The year was 1994. There was not a lot happening for Hip-hop in Nigeria. But there was eLDee, there was Kaboom, and there was Freestyle. The trio began the movement that was to become our county’s Hip-hop.
Lanre 'eLDee' Dabiri and the Trybesmen (also known as Da Trybe) are credited with being the ones that created the modern Nigerian hip hop music culture. The three original members, known as Eldee, Kaboom and Freestyle, first met in 1994 in Lagos. Their first album, L.A.G Style Volume 1, was released in 1999 to positive reviews. Their hits included "Trybal Marks" and "Shake Bodi."
But two years later, it made history as the first album to be legally distributed by Alaba international market.
eLDee, who is popular for his revolutionary music when he owned Trybesmen Records, and his innovation with setting up a national distribution network for music, began his career in 1998. At that time, Nigeria lacked record labels with the infrastructure and skill set to fully generate value for musicians via record sales. He approached Alaba sealed a deal, and repackaged this album which was released in 1999. This was the first album ever marketed and distributed by Alaba International market.
And what about the music?
The three stars were heavily influenced by Western Hip-hop and stuck their own interpretation and mashup of it. The music which was served was mostly a lyrical exercise, with the three acts coming together and serving lyrical gems.
Thematically, braggadocio was the lyrical focus. All of them drew on the arrogant swashbuckling bragging that their US counterparts had working for them, and they delivered. Rap was their food, and they ate it with aplomb. There was a rhyme waiting for you at every turn.
From the cerebral edge of ‘No Question’, to the pop credentials of ‘Shake bodi’, they took over, spreading their wings from Lagos to Port Harcourt, pushing through on minimalist production, which relied on muscular drumkits, and sparse synths.

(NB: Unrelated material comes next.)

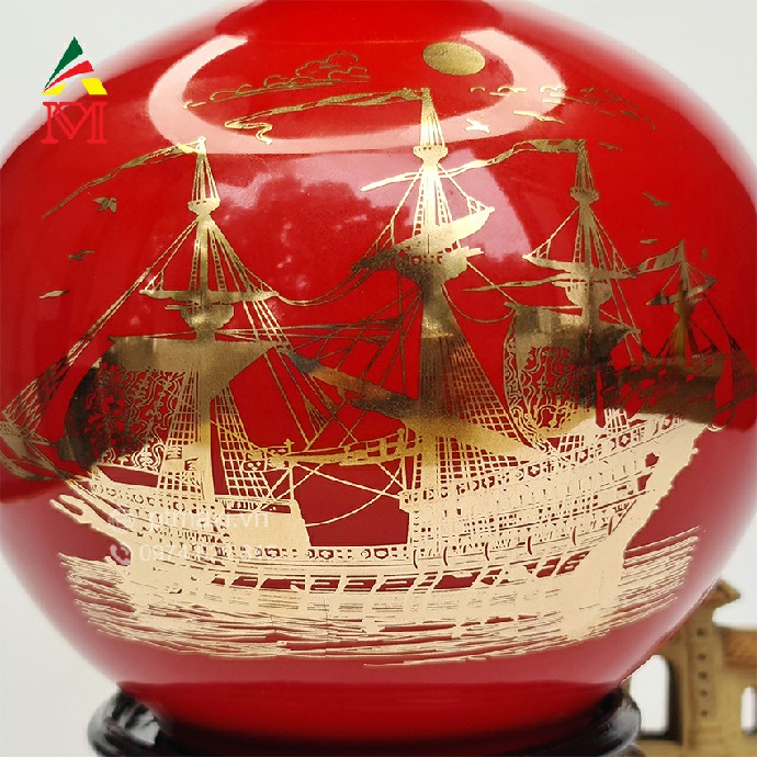 Bình Hút Lộc Gốm Sứ Đỏ Vẽ Vàng Thuận Buồm Xuôi Gió

The Latino sound experimentation paid heavy on ‘Plenty Nonsense’, although it is the relativity of the rap that pushed it into becoming a hit song.
On ‘Asiko Laye’ you find the skeleton of what has become the modern fusion of rap and Highlife. As drums and backup singers offered traditional dynamism. Artistically, this was the crown jewels of the project.
The group would later be rocked by exits and additions to the gang, with eLDee growing it to become a proper record label. But this was where it all started.
10 tracks and winning, Trybesmen released a project that was crucial in starting off the modern Nigerian music business, and it did it championing Hip-hop.